In the 1920s, American physiologist Walter Cannon was the first to describe the "fight or flight" response wherein stress hormones prepare our bodies for battle, or give sufficient energy and speed for us to flee from danger (Cannon 1915). Hans Selye (1907-1982), however, is considered to be the father of stress research, and was one of the earliest scientists who published numerous manuscripts on stress, the hormone cortisol, and their impact on health and disease in the early decades of the 20th century. Selye authored the book Stress without Distress, where he called stress "the spice of life" (Selye 1974). Selye recognized stress had positive values when integrated properly into life, but also recognized that an improper reaction to stress in life was a major cause of disease, and that cortisol moderated these effects (Selye 1954).

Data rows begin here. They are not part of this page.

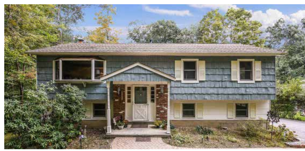
NYC buyers are increasing sales prices like this Yorktown home

Across Westchester, Putnam and Dutchess counties, the coronavirus has escalated buyer demand to an unparalleled degree, causing a substantial increase in the number of pending sales in the third quarter, a year-over-year rise in median sale prices for the quarter and an across-the-board dip in the number of listings.
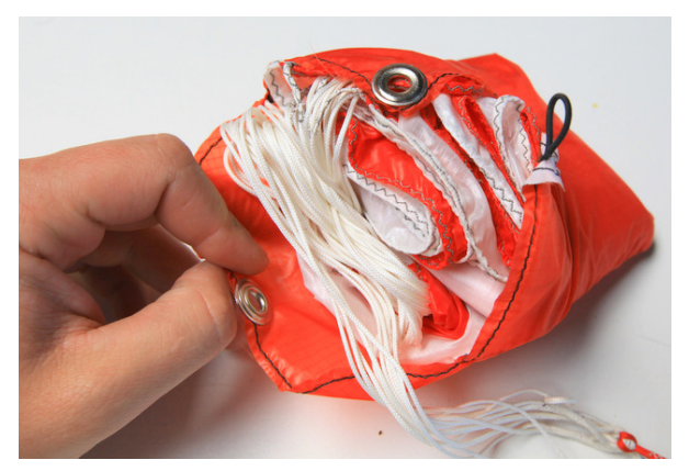
Use the black elastic loop to close the container, as shown below.
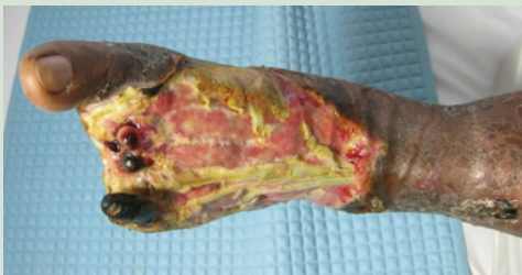
Figure 2a. A diabetic foot ulcer (Wagner grade 4), which had not healed for 3 months; necrosis and slough were noted.
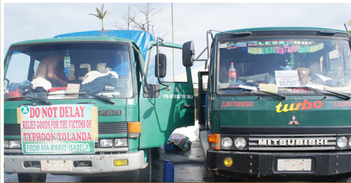
The two stake trucks from MARIIS, Isabela were used in transporting their relief goods for victims of YOLANDA
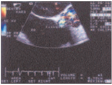
Figure 1: Transesophageal echocardiographic color Doppler imaging of aortoright atrial fistula.

Dokuz Eylül University, School of Medicine, Department of Cardiology, Izmir, Turkey
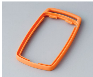
B9002703 Intermediate ring ES TPE orange
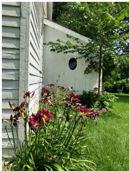
Echinacea and other native plants in behind the daylilies

It felt so fabulous and rewarding to see the enthusiasm of participants. Many said they did not realize how beautiful these plants were".
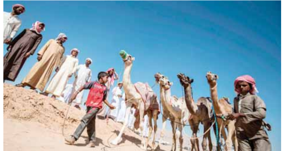
SOUTH SINAI: Bedouins prepare camels before they take part in a race in Egypt's South Sinai desert.

In a different race, young boys mount the camels to complete a 10-kilometre course.

Cortisol is a hormone that is secreted by the adrenal glands which are located atop the kidneys. Cortisol and noradrenaline initiate a stress response, known as "the fight or flight response". A massive burst of energy and feelings of alertness follow the release of cortisol into the bloodstream. This physiologic event is fueled by dramatic increases in respiration and increased levels of glucose in the blood stream, which allows the muscles to work harder, faster and for a longer periods of time. This response has one purpose: to get you out of harm's way. Classic examples could be avoiding an approaching vehicle or escaping from predators.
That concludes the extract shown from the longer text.